Towards the end of the book, the reader begins to wonder what has become of the objects at the heart of Alberti’s analysis, and his conclusion satisfies our curiosity. Many have disappeared as museum collections have become increasingly specialised in line with the development of the discipline of pathology itself, whilst other medical collections have been deemed unsuited to the modern museum where the need to engage with the public is paramount. Earlier in Morbid Curiosities, Alberti expresses his wish to complement rather than add to existing works that address ‘the psychological and ethical issues thrown up by the traffic in bodies’, yet by the end of the book there is no way of avoiding the role of emotion in the value placed on human remains, whatever the date of their preservation. The contents of the medical museum, Alberti concludes, proved to be ‘both its blessing and its curse’, as legislation such as the 2004 Human Tissue Act required museums to obtain licenses to keep body parts, and to prove the provenance of their specimens. Though the Act is just one of many pressures on the medical museum, it is a prime example of how our modern sensibilities might affect the very material available to future historians, and in this sense Alberti’s book has a relevance far beyond any of the specific subject areas covered here.

Notes

  1. J. H. Warner and J. M. Edmondson, Dissection. Photographs of a Rite of Passage in American Medicine: 1880–1930 (New York, NY, 2009).Back to (1)

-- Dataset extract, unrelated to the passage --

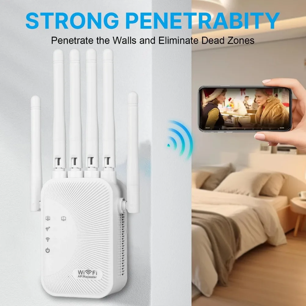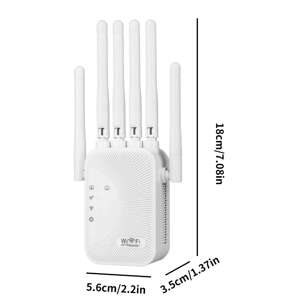 El extensor de alcance WiFi de doble banda AC1200M viene con tecnología 802.11 ac para extender la cobertura y mejorar la intensidad de la señal de una red inalámbrica existente y eliminar zonas muertas.Velocidad de transmisión simultánea de doble banda de 1200 Mbps, hasta 5 GHz 867 Mbps + 2,4 GHz 300 Mbps
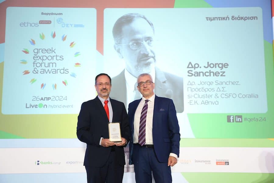 Εφέτος δόθηκαν τρεις τιμητικές διακρίσεις, Honorary Export Distinction, στους κ.κ. Σοφία Κουνενάκη Εφραίμογλου, Πρόεδρο Εμπορικού και Βιομηχανικού Επιμελητηρίου Αθηνών (ΕΒΕΑ), Δρ. Jorge Sanchez, Πρόεδρο Δ.Σ. si-Cluster & CFSO Corallia-Ε.Κ. Αθηνά και Δρ. Αθανάσιο Πότση, Πρόεδρο Δ.Σ. Ένωσης Ελληνικών Βιομηχανιών Διαστημικής Τεχνολογίας & Εφαρμογών (ΕΒΙΔΙΤΕ).

  2. S. B. Burns, Sleeping Beauty: Memorial Photography in America (San Francisco, CA, 1990), and Sleeping Beauty II: Grief, Bereavement and the Family in Memorial Photography, American & European Traditions (New York, NY, 2002). See also A. Linkman, Photography and Death (London, 2011).Back to (2)
  3. R. Sugg, Mummies, Cannibals and Vampires. The History of Corpse Medicine from the Renaissance to the Victorians (London, 2011).Back to (3)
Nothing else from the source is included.